The V6 hybrid in the Bentayga, for example, has got the performance of the V8, the quietness of the W12, and the fuel consumption of an eight-cylinder diesel. We will market it strongly, and I think we’ll attract a lot of customers, not only existing ones, but also new customers who can see the value in that power train.
Q&P: Where are your battery cells sourced from?
AH: The first-generation batteries for hybrids all come from Japan, but as a group we’re looking at and working with battery companies in China and Korea also, and some startups too. The group has bought 16 percent of QuantumScape in California.
They have solid-state battery technology that is close to industrialization, weighs 30 percent less than lithium ion because you can package it much closer. There’s no fluid in there as the intermediate service between the anode and cathode, so it doesn’t explode and doesn’t burn.
It’s 30 percent smaller because you need less protection; 70 percent of the weight of the battery is protecting the cells, so by taking that risk away, you can shrink it down or you can keep it the same size and get more power and range. The first prototypes will be in 2021, and first industrialization in 2023-24, but there’s risk on that timing. That’s why we’re saying 2025 is a safe target time for us because we believe then lithium ion will have improved and/or solid state will have come into the sphere.
Q&P: What is the current ratio between your petrol and hybrid cars?
AH: Hybrid today, we’ve only delivered the first few cars, but in a full year, we’ve planned on 15 percent. I think it’ll be higher.
Q&P: What do hybrid or electric cars do better than petrol cars?
AH: Our hybrid is a V6 petrol. It does almost twice the miles per gallon, or at least you get 30 to 50 percent improved fuel economy even if you don’t charge it properly.
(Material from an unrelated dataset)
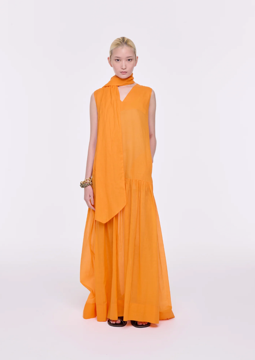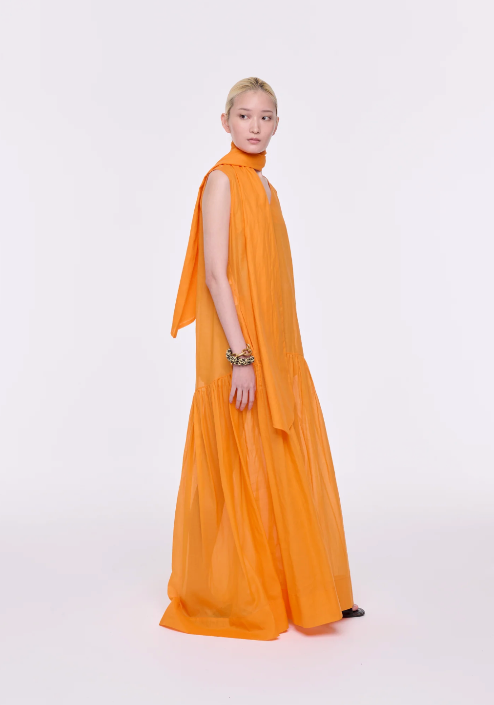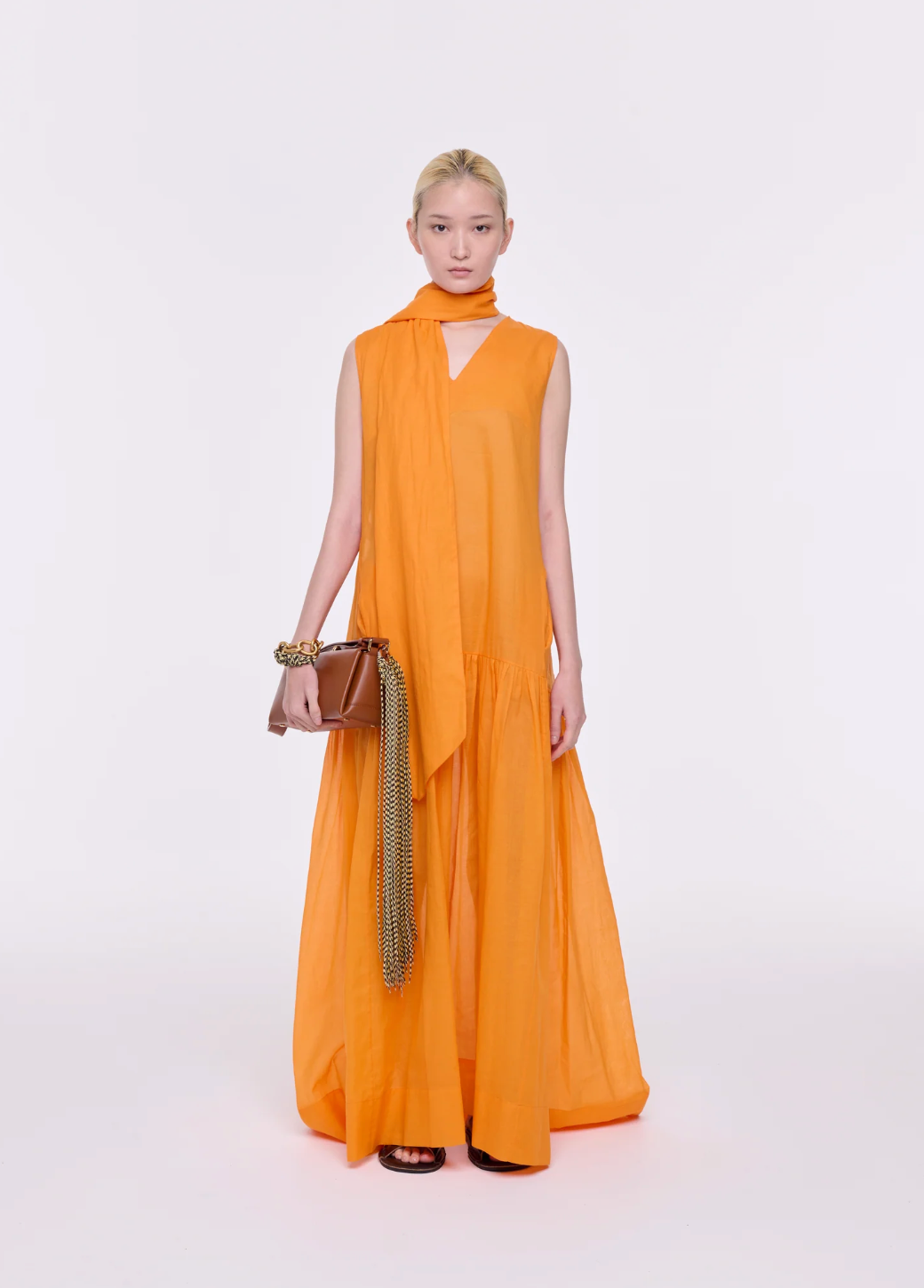 Long dress in cotton organza with detachable self-tie. V-neck. Full length and asymmetric hem. Front concealed pockets. A-line silhouette.
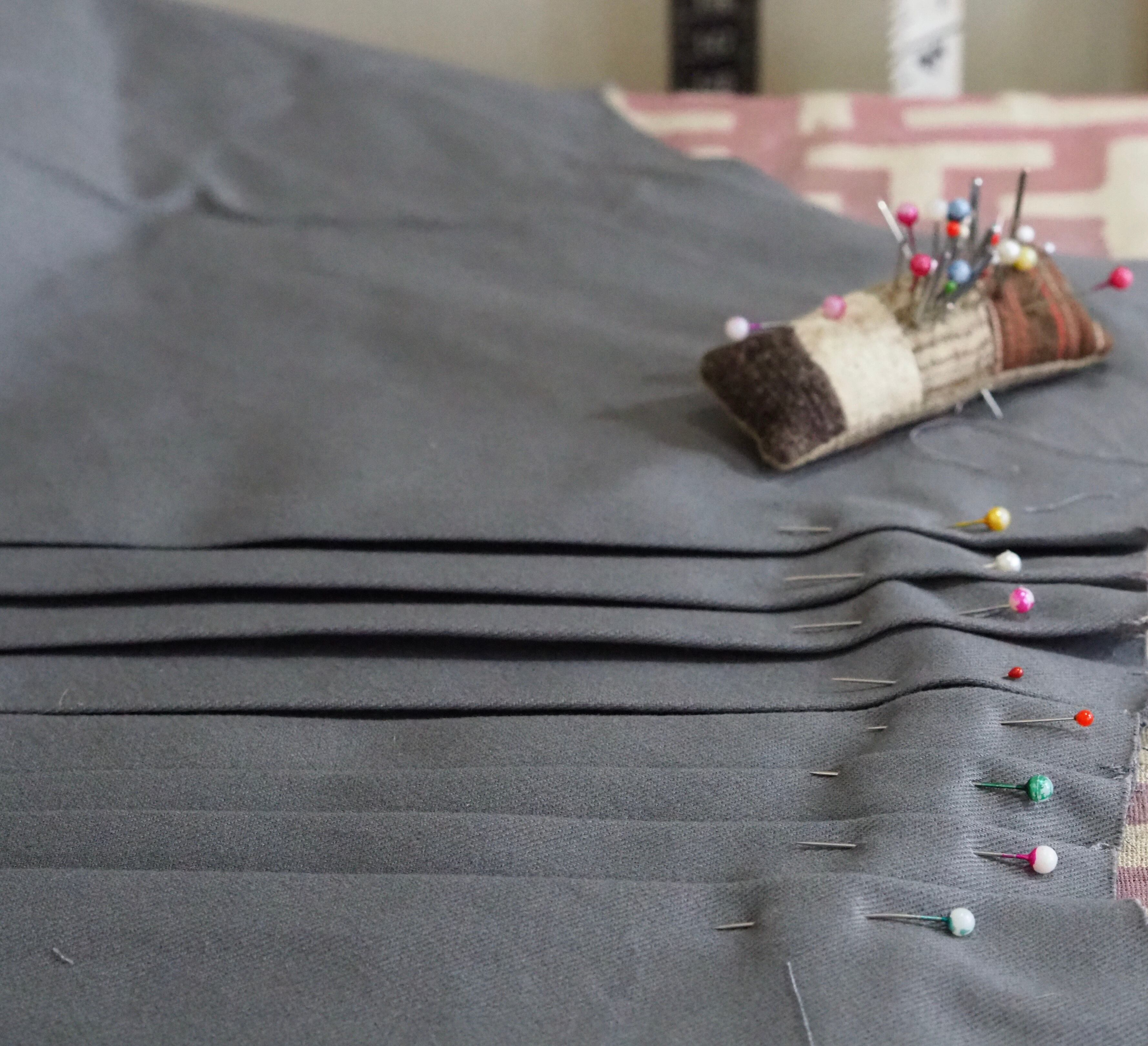 中央に何本もタックを寄せて、ミシンステッチで押さえています。

But also, it allows us to put a smaller engine in and use the electricity to give us the full power so that you can then have less emissions from a smaller engine as well as have better fuel efficiency for the combined efficiency.
When hybrids were first discussed it was just petrol or electric, and it switched. Now, we’ve put a huge amount of effort into three drive modes: e-drive, hybrid, or hold.
In hold, it only uses electric power when you’re under 25 miles an hour, stop/start, and to fill in the torque when you’re driving hard, and it maximizes the scavenging of regeneration electricity.
I drove 1,200 km from Crewe to Geneva in the Bentayga Hybrid. When I set off, it had 49 km in the battery. When I got there, it had 39 km. I was driving it hard all the way, but when you brake it regenerates, and there are long hills on the motorway. Then I did all my driving in the city on full electric mode.